We also have the third and final installment of our series on animal feed made in collaboration with Wicked Leeks. This episode, Wicked Leeks editor Nina Pullman speaks with Amy Chapple – daughter of Mark Chapple who you’ll remember from last week’s episode –  about her soy-free pigs. Wicked Leeks are exploring this topic in a documentary entitled ‘What’s the Problem with Animal Feed?’ which meets some of the farmers trying to reverse agriculture’s soy addiction. If you are interested in more stories on sustainable food and ethical business, you can sign up online to receive the weekly edition of the Wicked Leeks magazine. Finally, we hear from Sérgio Nicolau in Portugal about his transition from conventional to organic, and then regenerative winemaking. He shares with us how he uses a combination of sap analysis, brix readings and hole digging to understand what is working on his vineyard.

This episode of Farmerama was made by Jo Barratt and Abby Rose. Additional recordings by Nina Pullman, editor at Wicked Leeks.

A big thanks to the rest of the Farmerama team Dora Taylor, Olivia Oldham, Katie Revell, Fran Bailey, Annie Landless, Eliza Jenkins and Lucy Fisher. Our theme music is by Owen Barratt.

Thank you to everyone on our Patreon. Your support helps us in bringing you the stories of regenerative farming around the world, each month. We appreciate it. If you’d like to join, please visit patreon.com/farmerama where you can choose your level of support.

 

Episode Transcript

Abby: Hello and welcome to Farmerama.

This month we reconnect with a friend of the show who tells us all about the work she’s been doing as part of the Seaweed Commons, Wicked Leeks continue their investigation into animal feed and we meet a farmer in Portugal who shares his learnings moving from conventional to organic, and then regenerative winemaking.

Jo: Thank you to everyone on our Patreon. Your support helps us in bringing you the stories of regenerative farming around the world, each month. We really appreciate it. If you’d like to join, please visit patreon.com/farmerama where you can choose your level of support.

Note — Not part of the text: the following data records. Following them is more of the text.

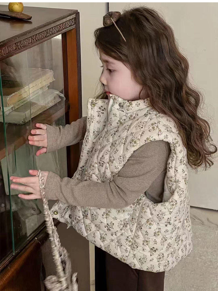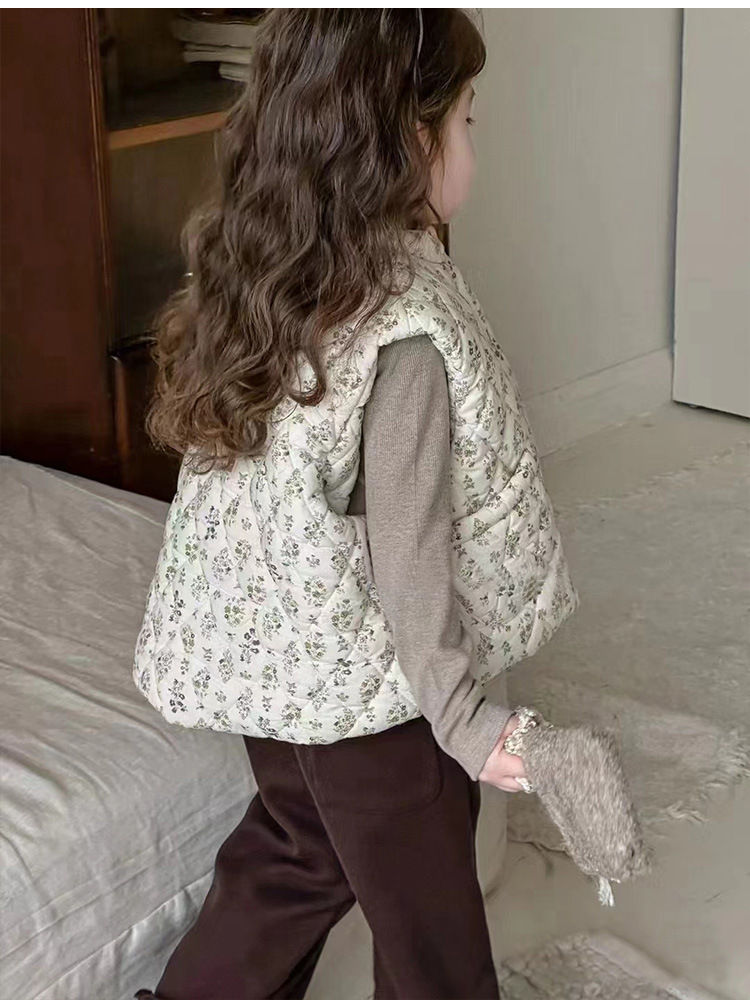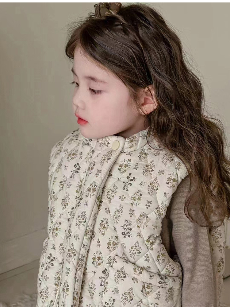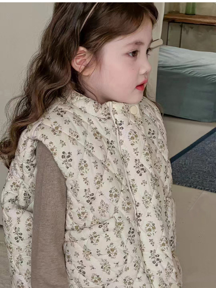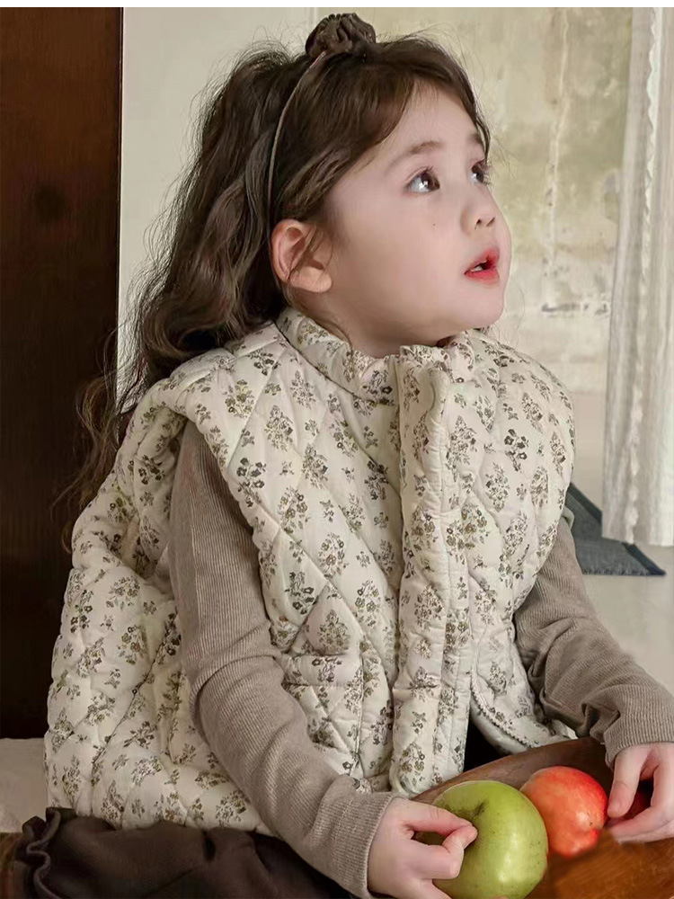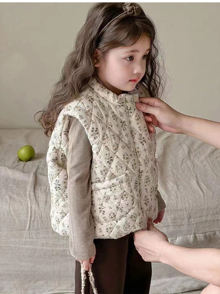 한국 어린이 의류 24 가을 겨울 새로운 아기 면화 꽃 조끼 소녀 민소매 두꺼운 조끼 코튼 코트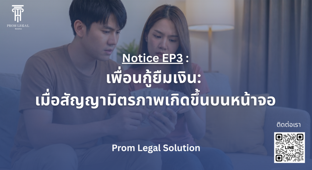 In Thai society, financial assistance is often seen as an act of kindness and generosity that reflects strong friendships. Many loans between friends nowadays take place through chat messages or bank transfers on mobile screens, relying primarily on trust. However, without proper caution, a “kind lender” may unexpectedly become someone who loses both money and friendship. Prom Legal Solution therefore explains the key legal principles regarding personal loans, helping you clearly understand the legal perspective and reduce risks from the beginning.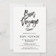 Esta moderna y elegante invitación de la fiesta de despedida Bon Voyage presenta un moderno texto negro sobre fondo blanco.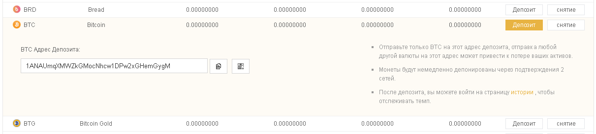 Далее все интуитивно понятно: выбираем нужную криптовалюту, переводим средства на указанный кошелек и дожидаемся зачисления их на баланс. Вывод средств работает аналогично.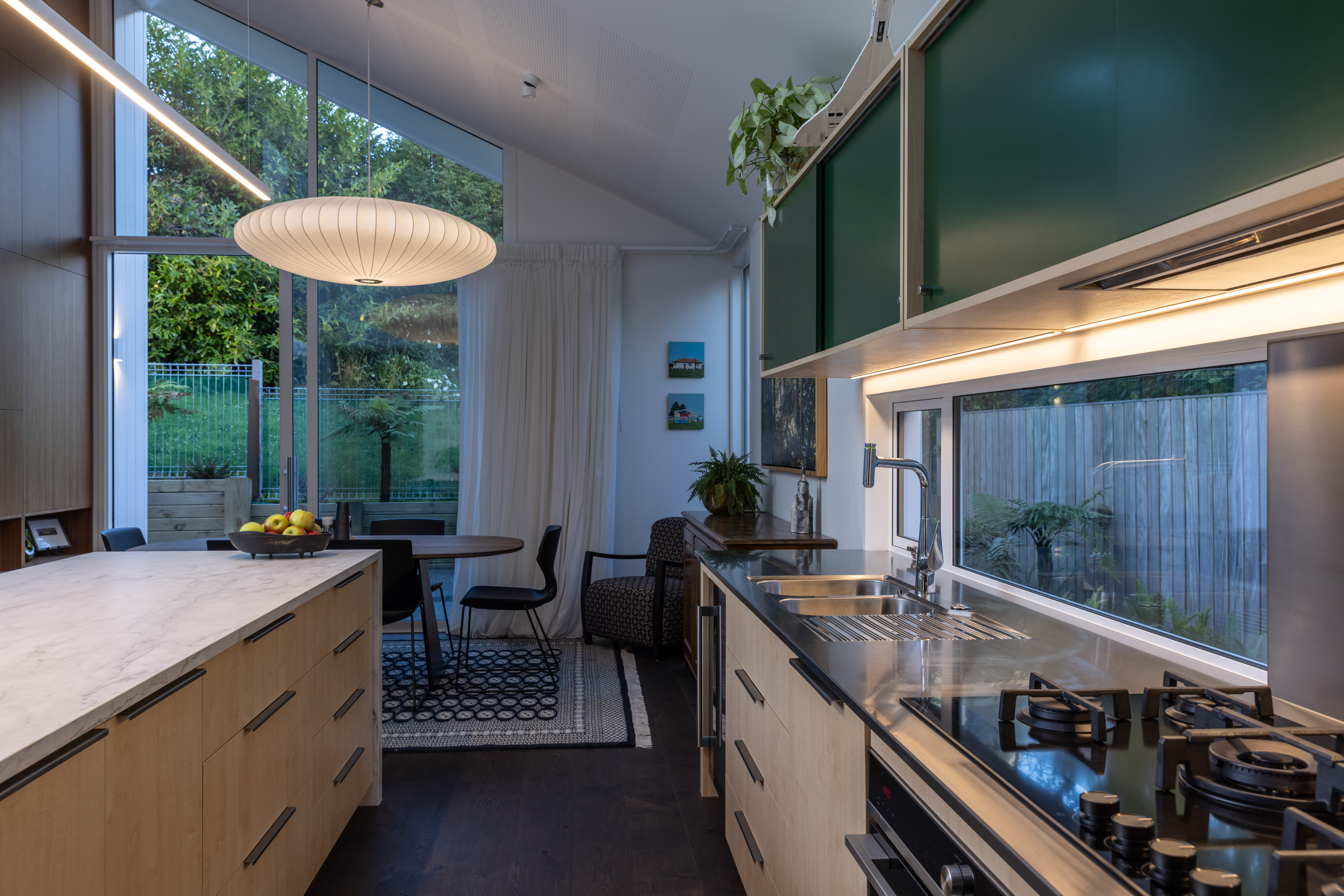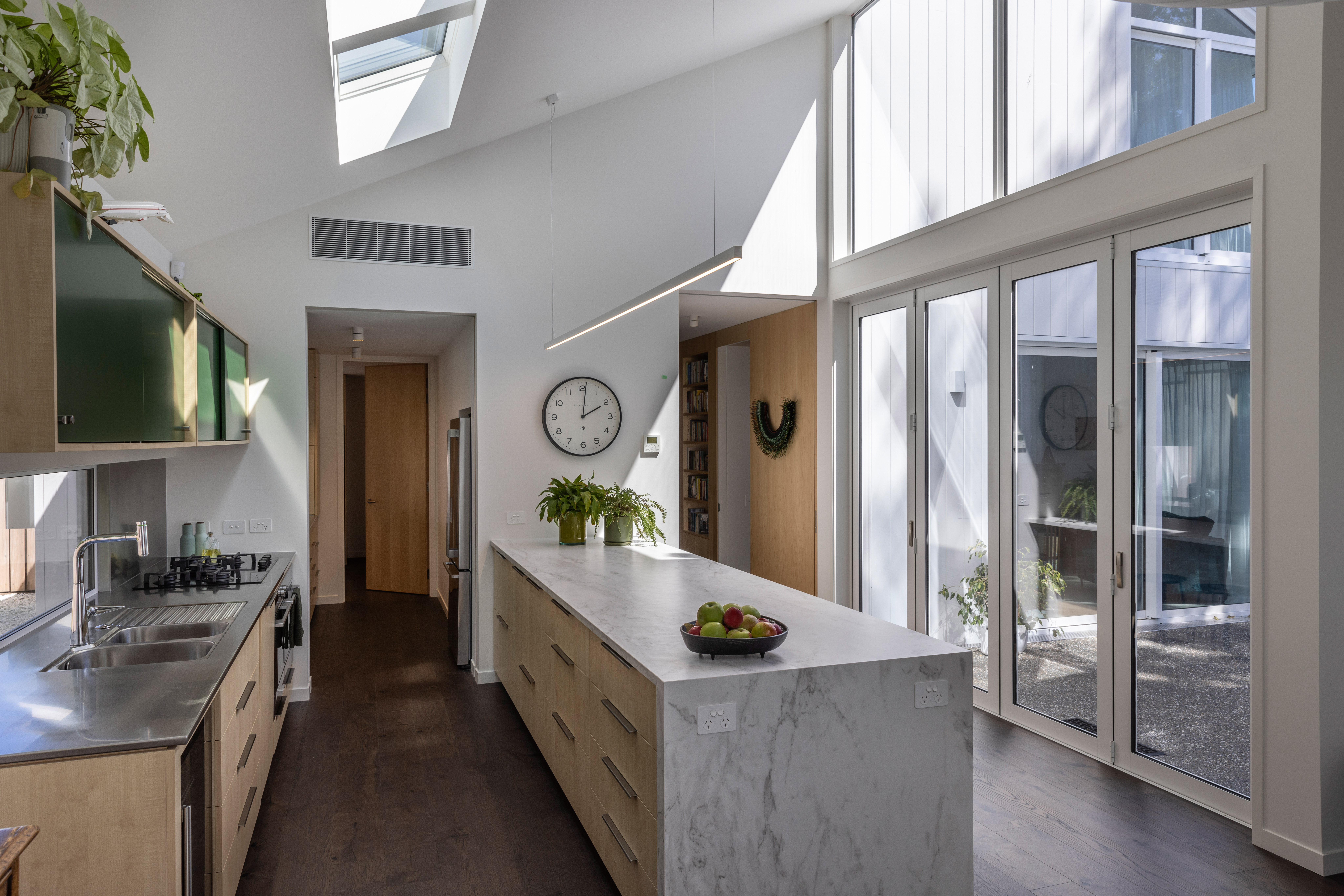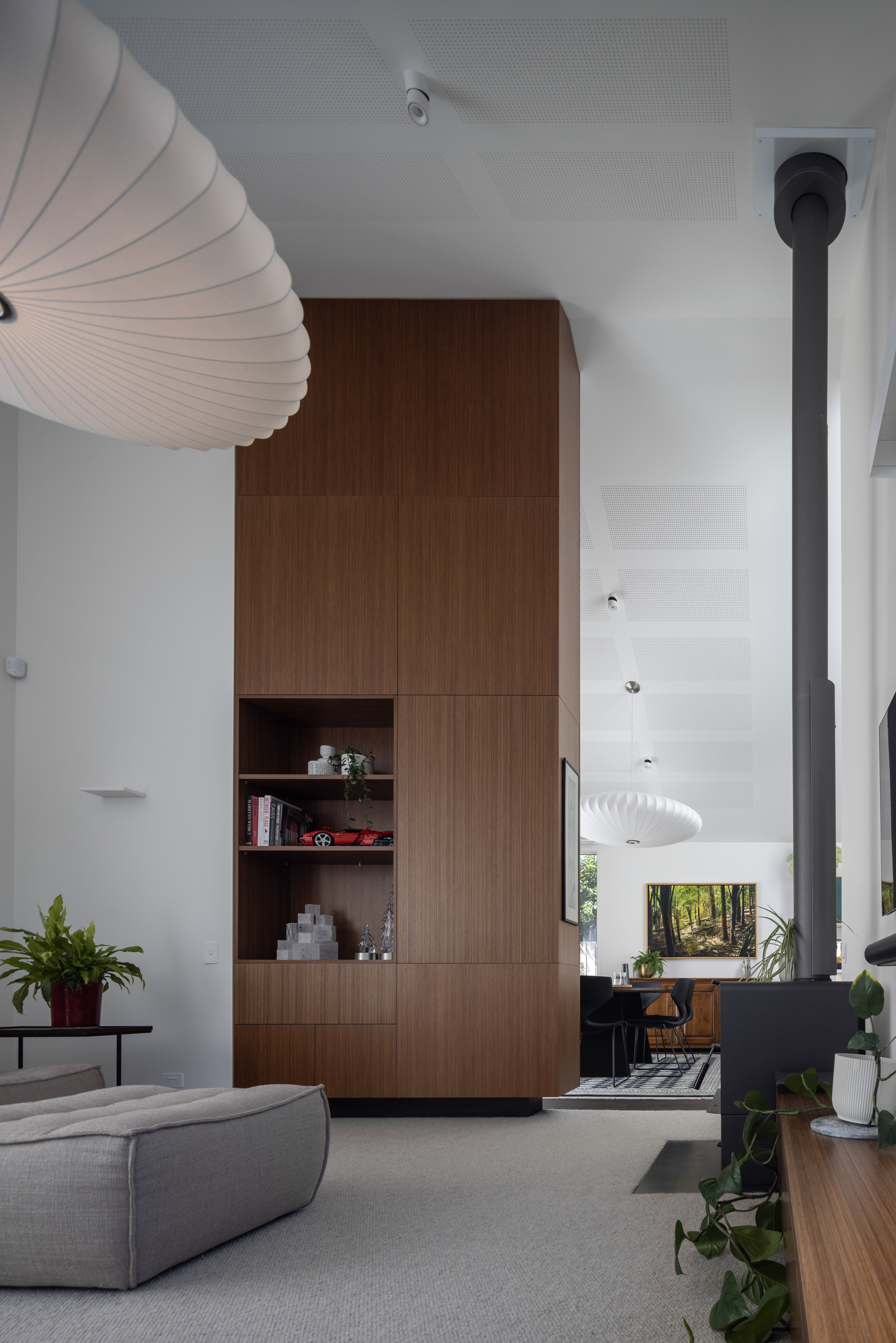 An exercise in white minimalism opens out to provide a series of delightful spaces dressed in a restrained colour palette. Privacy and transparency have been skilfully balanced. The plan makes great use of sunshine pouring into the rear of the site. And it is just the right size – not excessively large, nor uncomfortably small – catering perfectly to the client’s lifestyle. A beautiful canvas for their artwork.

Abby: Severine Von Tscharner Fleming farms at Smithereen farm on Cobscook Bay on the very northeasternmost point of the United States. There, she grows and processes a wide range of fruit, herbs, vegetables, fungus and… algae. It is through her experience of harvesting algae on a small scale that she became involved in the Seaweed Commons, a group that came together during Covid to discuss increasing concerns around the industrialisation of Seaweed farming.

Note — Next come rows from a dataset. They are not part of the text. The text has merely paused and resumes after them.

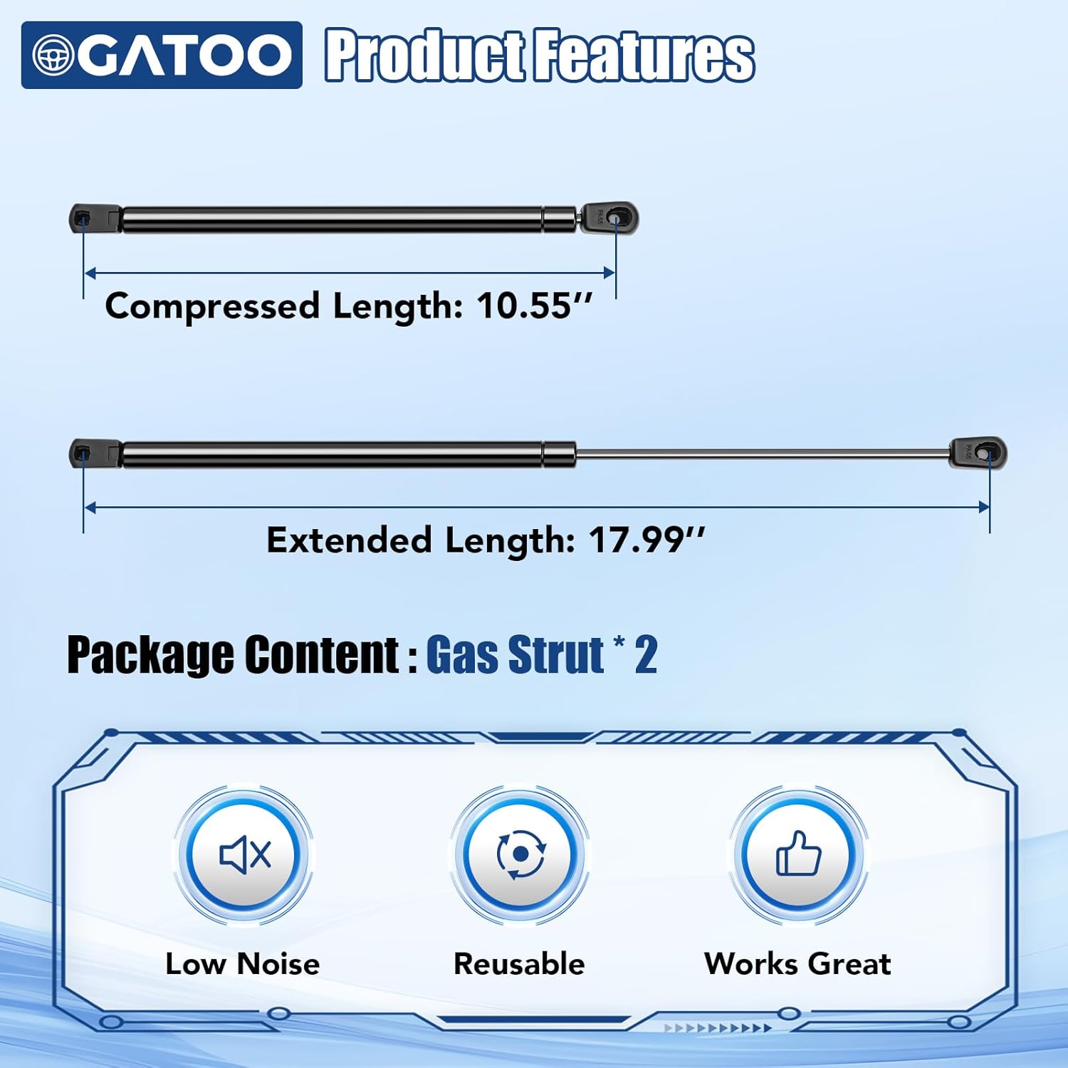 • [Conteúdo da Embalagem]: O pacote inclui dois amortecedores a gás, com comprimento estendido de 17,99 polegadas, comprimento comprimido de 10,55 polegadas e comprimento de curso de 7,44 polegadas, oferecendo as medidas exatas para um funcionamento eficaz.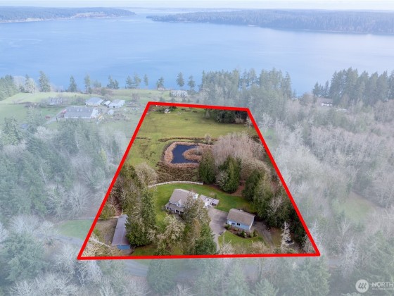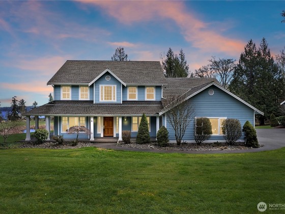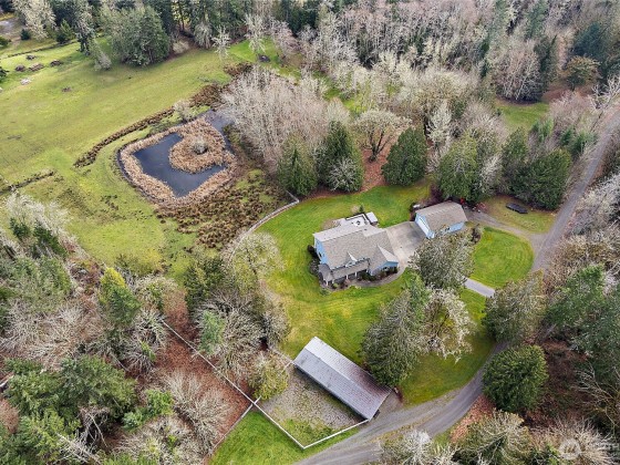Welcome to this stunning 4-bedroom, 3.75-bathroom estate, nestled within a peaceful gated community, set on over 6 meticulously maintained acres. Boasting 3,225 square feet of beautifully living space, this home offers the perfect balance of comfort, functionality, and elegance with views of the Puget Sound. Features include an oversized passthrough SHOP, Swim Spa, Automatic Generator, Horse Barn, Pasture with Pond, New Carpet, Gourmet Kitchen, & much more. Enjoy ultimate privacy and tranquility in this peaceful setting, with mature trees and open skies providing a true country feel. Whether you're seeking a functional equestrian setup, space to grow, or simply a beautiful home in a serene setting, this rare property delivers it all.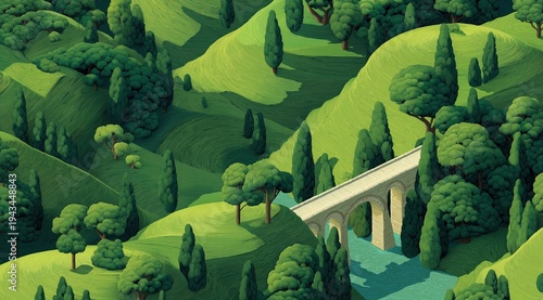 Green rolling hills landscape with stone bridge and river. Vintage engraving style illustration of rural countryside. Textured nature background with trees and viaduct

Severine: There’s a lot of demand for algae in the world markets. As a community we have a lot that we learn from each other, and to encourage each other to participate in the rule making has become a big driving force. So why does the seaweed commons continue to exist? Well, it’s to help facilitate greater stakeholder involvement in the administration of the public trust. Because in all of our contexts, whether it’s Hawaii or Scotland, or Norway, or Maine or British Columbia, the state agencies, the Departments of Marine Resources, act as the stewards of a commons – legally it’s a commons, not just ecologically – that supports all of marine life and buffers our coastal shore lands and provides habitat for the entire marine food web and is our common ancestor, inventor of photosynthesis, producer of up to 80% of the world’s oxygen. So seaweed is not just a common ancestor that is benefiting all of the stability of the ocean, which of course buffers us from climate change, it’s also legally a public trust. Therefore, as beneficiaries and lovers of algae, we have some responsibility to ensure its thoughtful stewardship.

We put out a first position paper because we wanted to clarify the principles of a precautionary approach to this seaweed aquaculture and intensification. And so, as venture capital comes along and says, we can feed seaweed to cows and save the world, and we can feed seaweed to aquaponics and save the world, and we can grow algae for fuel, and we can make GMO and sterile and climate adapted algae arrays of thousands of acres between windmills tended by robots, we say, wow, okay, that’s a lot of hype. That’s a lot of millions and billions. However, as a major climate regulator, as a major ecosystem engineer, as a very ancient and biodiverse underwater forest, this algae deserves protections that we have got now to articulate quickly. And so, in the face of all this technological, geo-engineering, carbon sequestering and financialized carbon markets conversation, our little voice is raised and we say, seaweed is already saving the world. So in our position paper, we lay out some of these principles and have called on signatories from across the world, which we now have, and we are of course looking for more signatories on this position paper. And of course the next one that’s coming out that’s specifically aimed at investors and ESG standards in the seaweed space. So in the seaweed commons community calls, we have little working groups. One of the areas is obviously more presentations and videos to farmers and foodies and ecologists and the different spaces of adjoinment where seaweed issues in fact relate very much to agroecology, relate very much to justice for small, marginal communities, relate very much to indigenous needs for access, to traditional practices and the nutritional reality. And, and then there’s a great little group that’s focused on bioremediation using seaweed and impacted waterways. So instead of harvesting from wild forests, to harvest from nitrogen and phosphorus laden waterways and mouths where fertilizer runs off. And then another little group of people are really focused on seaweed as fertilizer for plant nutrition and especially plant nutrition in degraded and contaminated land. So again, the solution to pollution is life. And the truth about seaweed is it brings extraordinary life energy with its mineral bodies from the land to the sea. 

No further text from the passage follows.